In dealing with the economic fallout of the crisis, some countries have deployed massive resources – estimated at an unprecedented $16 trillion – to prop up their economies, while others have been left without strong support to recover. Fiscally constrained, the developing countries face much poorer prospects for recovery and economic growth over the coming years than those of developed countries and are running a risk of a lost decade.

The global community’s response to this looming debt crisis is encouraging but not sufficient and risks leaving out middle-income countries, the board warned. To create fiscal space for investments in recovery and the Sustainable Development Goals, progress on corporate taxation is needed, and the board members found the recent steps towards a global minimum corporate tax promising.

Within countries, the pandemic has hit unequally too. Beyond the uneven burdens of hospitalisation and death, women have been forced out of work disproportionately, while children from disadvantaged groups have faced greater barriers in accessing education.

So far, rescue packages have not been successful in reducing inequalities and more must be done to prioritise investments in people and to link social inclusion with growth strategies, the board members agreed, warning that any premature moves to austerity, as seen after the 2008 financial crisis, risk hurting the poorest.

‘Ensuring fiscal space for social protection measures is important, but we should not overlook the productive basis of employment and incomes,’ said Dani Rodrik, professor at Harvard University. ‘Instead, more consideration is needed to examine what is preventing our economies from generating good jobs – and informality is clearly part of that cause.’

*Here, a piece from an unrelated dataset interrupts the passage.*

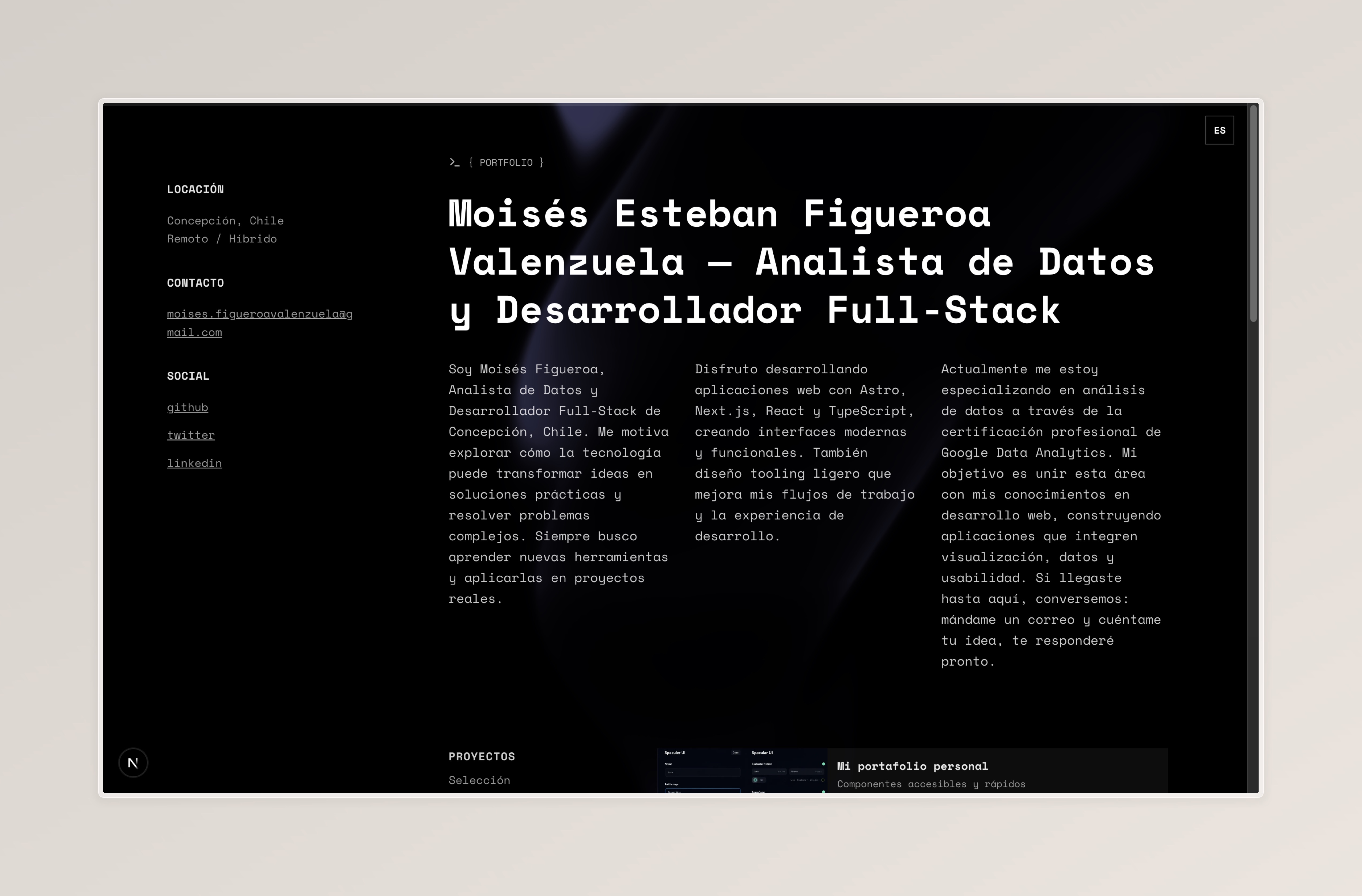 Un proyecto personal para centralizar y mostrar mi trabajo y habilidades en el desarrollo de software. El objetivo era crear una plataforma moderna, rápida y accesible donde pudiera documentar mi trayectoria profesional, proyectos destacados y experimentos técnicos. Este mismo sitio web es el resultado de ese esfuerzo, sirviendo como una carta de presentación interactiva y un espacio para compartir conocimientos a través de artículos de blog.

‘The idea of building back better, has to be nested within the design of social contracts’, said Mariana Mazzucato, professor of economics at University College London, noting that recovery plans and bailouts need to have conditions attached to create more sustainable and inclusive outcomes, such as investments in climate response. ‘We should use tax policies to “tilt” rather than “level” the playing field, to reward the organisations that are moving in the direction required’, she said.

In the recovery, it is crucial to create a bridge between the short- and medium-term challenges, according to the board experts. Carbon neutrality, for example, represents a crucial, immediate shift in development pathways towards a medium-term goal. Board members urged more attention to its implications for low-income countries.

The board’s recommendations will inform the flagship UN reports on the global socio-economic situation and future and will contribute to the UN Secretary-General’s efforts to advance the common agenda and reinvigorate multilateralism.